[Stored records]
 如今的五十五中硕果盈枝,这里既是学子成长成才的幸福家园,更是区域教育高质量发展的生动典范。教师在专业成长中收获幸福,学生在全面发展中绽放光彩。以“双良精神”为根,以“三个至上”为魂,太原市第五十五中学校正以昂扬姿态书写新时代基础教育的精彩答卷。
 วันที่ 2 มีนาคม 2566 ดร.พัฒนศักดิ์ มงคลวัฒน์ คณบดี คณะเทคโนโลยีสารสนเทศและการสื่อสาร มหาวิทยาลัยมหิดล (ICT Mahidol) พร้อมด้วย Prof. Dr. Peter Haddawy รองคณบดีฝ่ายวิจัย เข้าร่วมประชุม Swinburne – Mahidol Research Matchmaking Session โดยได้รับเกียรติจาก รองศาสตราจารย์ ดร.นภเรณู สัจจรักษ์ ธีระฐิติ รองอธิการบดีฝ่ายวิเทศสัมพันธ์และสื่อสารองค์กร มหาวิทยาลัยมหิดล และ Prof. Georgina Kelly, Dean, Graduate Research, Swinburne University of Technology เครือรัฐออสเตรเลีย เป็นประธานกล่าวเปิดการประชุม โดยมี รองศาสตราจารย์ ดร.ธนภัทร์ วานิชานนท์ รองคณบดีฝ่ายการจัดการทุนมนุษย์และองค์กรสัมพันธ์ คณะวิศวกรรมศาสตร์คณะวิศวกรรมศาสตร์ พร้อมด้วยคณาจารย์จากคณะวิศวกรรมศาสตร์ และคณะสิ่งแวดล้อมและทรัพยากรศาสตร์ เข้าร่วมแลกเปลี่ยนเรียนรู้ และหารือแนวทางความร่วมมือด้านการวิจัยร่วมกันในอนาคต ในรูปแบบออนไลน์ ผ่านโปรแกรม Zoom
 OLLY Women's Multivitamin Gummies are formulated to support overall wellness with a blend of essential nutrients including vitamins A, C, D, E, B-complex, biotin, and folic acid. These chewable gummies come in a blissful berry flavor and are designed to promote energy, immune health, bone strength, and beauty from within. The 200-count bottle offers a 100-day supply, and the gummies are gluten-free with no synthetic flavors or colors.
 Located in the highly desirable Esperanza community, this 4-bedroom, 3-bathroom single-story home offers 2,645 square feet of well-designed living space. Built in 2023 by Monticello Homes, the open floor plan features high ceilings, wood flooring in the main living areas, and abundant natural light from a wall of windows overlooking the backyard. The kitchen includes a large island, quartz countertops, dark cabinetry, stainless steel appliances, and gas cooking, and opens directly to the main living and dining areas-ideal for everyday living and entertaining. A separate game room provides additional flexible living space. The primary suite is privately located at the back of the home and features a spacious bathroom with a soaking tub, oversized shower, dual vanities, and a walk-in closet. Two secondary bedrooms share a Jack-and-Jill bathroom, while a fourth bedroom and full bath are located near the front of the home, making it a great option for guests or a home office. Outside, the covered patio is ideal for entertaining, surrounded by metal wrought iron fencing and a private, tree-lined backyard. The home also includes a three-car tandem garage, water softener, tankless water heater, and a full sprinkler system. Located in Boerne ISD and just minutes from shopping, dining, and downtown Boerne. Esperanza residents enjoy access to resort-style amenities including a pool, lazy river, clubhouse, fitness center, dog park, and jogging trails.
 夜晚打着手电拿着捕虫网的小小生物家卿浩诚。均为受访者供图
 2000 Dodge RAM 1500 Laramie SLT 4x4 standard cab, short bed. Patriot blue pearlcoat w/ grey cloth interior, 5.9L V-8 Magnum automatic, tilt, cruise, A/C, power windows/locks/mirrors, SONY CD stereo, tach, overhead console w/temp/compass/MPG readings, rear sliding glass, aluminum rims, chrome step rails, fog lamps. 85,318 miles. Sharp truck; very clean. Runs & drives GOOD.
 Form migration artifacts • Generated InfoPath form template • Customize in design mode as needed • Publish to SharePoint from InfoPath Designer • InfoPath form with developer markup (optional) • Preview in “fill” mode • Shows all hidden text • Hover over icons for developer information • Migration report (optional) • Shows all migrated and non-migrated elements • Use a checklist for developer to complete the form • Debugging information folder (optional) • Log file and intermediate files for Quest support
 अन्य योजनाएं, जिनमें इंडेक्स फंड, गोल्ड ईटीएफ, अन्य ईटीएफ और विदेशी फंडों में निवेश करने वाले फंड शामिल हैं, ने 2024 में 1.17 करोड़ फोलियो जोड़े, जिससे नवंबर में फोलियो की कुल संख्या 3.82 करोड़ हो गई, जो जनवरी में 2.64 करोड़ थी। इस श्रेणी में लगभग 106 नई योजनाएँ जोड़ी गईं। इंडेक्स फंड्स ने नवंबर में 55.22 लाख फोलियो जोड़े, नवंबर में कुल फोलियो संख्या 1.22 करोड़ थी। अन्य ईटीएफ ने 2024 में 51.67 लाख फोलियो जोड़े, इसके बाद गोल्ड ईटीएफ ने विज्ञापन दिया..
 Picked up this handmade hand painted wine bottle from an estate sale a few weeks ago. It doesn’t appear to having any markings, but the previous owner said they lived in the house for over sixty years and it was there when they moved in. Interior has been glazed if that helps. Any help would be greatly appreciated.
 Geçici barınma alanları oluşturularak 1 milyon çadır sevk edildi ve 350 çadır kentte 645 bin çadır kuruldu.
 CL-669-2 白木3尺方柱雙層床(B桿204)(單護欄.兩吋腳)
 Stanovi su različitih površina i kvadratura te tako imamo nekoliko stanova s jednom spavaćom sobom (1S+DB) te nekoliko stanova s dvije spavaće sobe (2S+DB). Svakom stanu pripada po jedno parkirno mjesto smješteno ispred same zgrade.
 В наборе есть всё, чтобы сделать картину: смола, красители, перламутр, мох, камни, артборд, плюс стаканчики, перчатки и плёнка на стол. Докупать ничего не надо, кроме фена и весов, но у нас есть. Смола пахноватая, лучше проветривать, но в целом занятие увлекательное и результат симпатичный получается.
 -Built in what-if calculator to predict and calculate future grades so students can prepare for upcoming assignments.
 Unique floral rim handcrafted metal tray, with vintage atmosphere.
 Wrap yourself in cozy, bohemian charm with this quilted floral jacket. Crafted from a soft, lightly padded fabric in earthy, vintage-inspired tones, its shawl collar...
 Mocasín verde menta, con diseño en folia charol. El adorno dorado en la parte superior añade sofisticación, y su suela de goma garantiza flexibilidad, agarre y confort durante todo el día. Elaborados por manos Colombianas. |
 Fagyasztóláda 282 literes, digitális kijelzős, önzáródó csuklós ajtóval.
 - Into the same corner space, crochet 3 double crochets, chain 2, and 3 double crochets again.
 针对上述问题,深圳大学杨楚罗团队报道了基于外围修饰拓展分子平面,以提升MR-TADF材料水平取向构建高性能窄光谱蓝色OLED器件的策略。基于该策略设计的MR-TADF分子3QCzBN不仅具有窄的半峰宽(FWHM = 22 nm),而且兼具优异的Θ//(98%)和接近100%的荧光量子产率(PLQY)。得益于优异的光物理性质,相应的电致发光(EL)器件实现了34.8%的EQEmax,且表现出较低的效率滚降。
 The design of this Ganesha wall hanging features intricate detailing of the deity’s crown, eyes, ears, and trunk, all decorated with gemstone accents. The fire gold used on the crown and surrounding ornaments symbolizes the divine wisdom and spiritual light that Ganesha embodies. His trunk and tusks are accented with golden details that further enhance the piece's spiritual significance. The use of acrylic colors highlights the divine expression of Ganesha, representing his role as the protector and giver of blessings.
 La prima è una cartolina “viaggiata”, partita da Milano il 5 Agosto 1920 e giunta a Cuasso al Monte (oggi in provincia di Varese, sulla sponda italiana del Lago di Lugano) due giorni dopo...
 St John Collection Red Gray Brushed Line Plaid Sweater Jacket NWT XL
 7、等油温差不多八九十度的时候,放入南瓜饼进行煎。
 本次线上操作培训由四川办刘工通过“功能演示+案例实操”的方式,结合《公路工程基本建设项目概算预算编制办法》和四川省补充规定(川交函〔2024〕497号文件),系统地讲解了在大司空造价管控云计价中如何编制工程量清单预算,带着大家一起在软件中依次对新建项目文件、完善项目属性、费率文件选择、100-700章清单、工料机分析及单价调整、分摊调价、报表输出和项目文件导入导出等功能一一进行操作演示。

Task objective: List all lines above in which the string "vintage" appears.

Response to this exercise:
 Unique floral rim handcrafted metal tray, with vintage atmosphere.
 Wrap yourself in cozy, bohemian charm with this quilted floral jacket. Crafted from a soft, lightly padded fabric in earthy, vintage-inspired tones, its shawl collar...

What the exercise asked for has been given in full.